This is Part 1 of a two-part panel discussion recorded live at SAPinsider's Reporting & Analytics event in Atlanta. Dan Kearnan of SAP moderates the discussion with Gopal Krishnamurthy of Visual BI Solutions, Nic Smith of SAP, and Steve Freeman of Decision First Technologies. Topics of this lively discussion include:
- An exploration of the challenges companies are facing that are steering them toward exploring SAP HANA as a foundation for analytics
- How SAP HANA helps to reduce complexity while providing greater agility across a BI landscape
- SAP Business Warehouse (SAP BW) 7.4 powered by SAP HANA and SAP HANA Smart Data Access
- How organizations are building a business case and uncovering a return on investment with various SAP HANA use cases
View the video, and read the edited transcript of the panel discussion here:
Dan Kearnan, SAP: Hello, I’m Dan Kearnan from SAP. I’m part of the SAP HANA marketing department, and I’m here with guests today to talk about and uncover the reasons why so many companies are turning to SAP HANA as a foundation for analytics for a lot of their business intelligence (BI) needs.
So, I’d first like to introduce the guests today. I’m here with Gopal Krishnamurthy from Visual BI, Nic Smith from marketing with BI at SAP, and Steve Freeman from Decision First Technologies. Each one of our guests has expertise in working with customers directly in both the BI and the SAP HANA worlds. So hopefully by the end of this discussion, you’ll find out why a lot of companies today are turning to SAP HANA in BI and why the marriage of the two makes sense. I’m going to start by asking a few questions to really get the conversation rolling. So, Nic, I’d like to start with you. Why do you think, or what are some of the key challenges companies who’ve implemented BI face that lead them to turn to SAP HANA as a new high-performance data foundation underneath their BI infrastructure?
Nic Smith, SAP: It’s a great question and I think it really starts with the volume of data; large data sources and a huge variety of that data. To be able to look back in time and report, analyze, and even do advanced analysis, some predictive capabilities – customers really need that engine to be able to look to the future and build out new visualizations, new ways of thinking about their business, and have that strength in a platform to do that. SAP HANA really provides that. A lot of it, from a BI perspective, is the marriage of the two – of those amazing visualization capabilities, and the strength of a platform that can scale and meet the needs not only now but in the future.

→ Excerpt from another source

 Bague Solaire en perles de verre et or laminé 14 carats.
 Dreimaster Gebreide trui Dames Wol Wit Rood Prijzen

Dan: So, five years ago do you think those same market forces or challenges were facing companies, or is this a fairly recent phenomena that has led a lot of companies who’ve implemented BI to look to a high-performance data foundation?

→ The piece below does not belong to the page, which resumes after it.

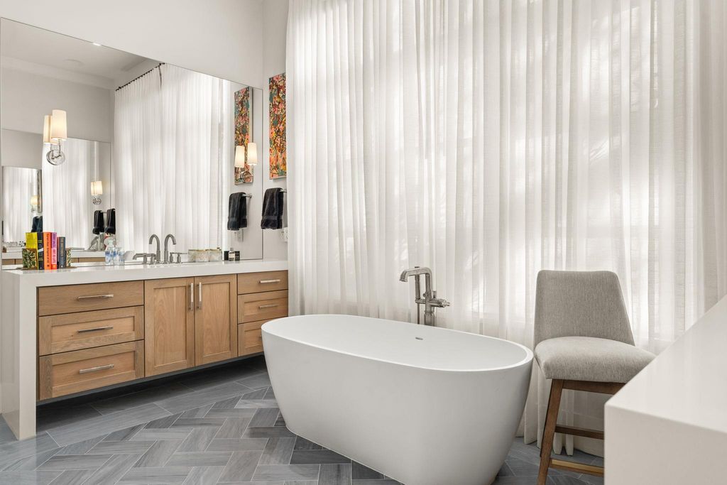 Located in the highly sought-after Tarrytown neighborhood, this exceptional 2022-built residence by Nalle Custom Homes offers a rare blend of luxury, convenience, and sophistication, further enhanced by extensive seller upgrades. Lightly lived in and meticulously maintained, the home is essentially like new and move-in ready. Grand iron doors open to a striking entry, setting the tone for the elevated design throughout. The dining room features custom wallpaper and a glass-shelved bar, flowing seamlessly into the open-concept living area with a dramatic fireplace and wall of windows that flood the space with natural light. The gourmet kitchen boasts high-end appliances, custom cabinetry, and a built-in refrigerator/freezer, complemented by a well-appointed pantry and butler's pantry with beverage fridge and flexible functionality. Exceptional storage is thoughtfully integrated throughout the home. The main level includes a serene primary suite with spa-like finishes and a fifth bedroom with ensuite bath, ideal for guests or a home office. Upstairs, three spacious ensuite bedrooms and an oversized game room"”designed as a fully immersive home theater"”provide comfort and versatility. Dual laundry areas add everyday convenience. The backyard is an entertainer's dream, featuring a pool and spa with heater and chiller, turfed lawn, automated screened porch with outdoor kitchen, and custom TUUCI umbrella. Additional highlights include a whole-home generator, Control4 AV system, privacy landscaping, and whole-home water filtration. Ideally located within walking distance to Tarrytown Park, Casis Elementary, and local favorites, this home delivers luxury living in one of Austin's most desirable neighborhoods.
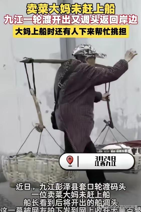 真的太暖了,这一幕看得人心里软软的。 八旬老人挑着菜担,一路急急忙忙就为赶一趟轮渡,没赶上时肯定又急又失落。 船都已经开出去了,本可以直接走,却特意掉头折返,就为等一位老人。 船长还主动下来帮挑菜担,有人上前搀扶,全程没有一句不耐烦。 没有惊天动地,就是普通人对普通人的体谅和温柔。 小小一船,载的不只是乘客,更是人间温情。 这才是最踏实、最动人的善良。照顾老老人 老人暖心瞬间

Nic: Five years ago, I wouldn’t say it was unheard of, but it’s definitely now accelerated dramatically and a lot of that has to do with the volume of information that is out there, the different ways we consume information on different devices and just in our lives how we need to get accessed information. But it’s also about new things, and when I say things I kind of mean “things” like the Internet-of-Things, censors, machine data, transactional data, social data; there’s just so much more volume of information that’s out there that businesses need to tap into and make sense of and make sense of instantly.
Dan: Do you want to add-on to that from your observations in the field, Steve?
Steve Freeman, Decision First: Certainly the volume of data is a big part of it, and we’ve all been in this industry a long time and there’s more data today than there was yesterday and there’ll be more tomorrow. So there’s no doubt we’ll always have more information and people want to look at more information. The thing is, there are lots of databases that can handle lots of information. And so, you get the argument, “Well, you can tune any database for any query.” Where we see the big value – besides the performance, which is certainly there - it’s the ability to respond to the change in business, i.e. I have more data, I have new data that I want to look at and I want to bring that information sort of into my world – and how am I going to do that when it’s so unanticipated, right? We don’t know what that data is going to be. Most other types of solutions that are not in-memory, you really need to anticipate how people are going to query that data. And you need to structure it that way. There is some amount of structure certainly in SAP HANA, but the ability to deal with that change and to do these things in-memory and to deliver that solution so quickly, it’s a business. That’s really been the big change, or the fundamental change that we’ve seen with our customers.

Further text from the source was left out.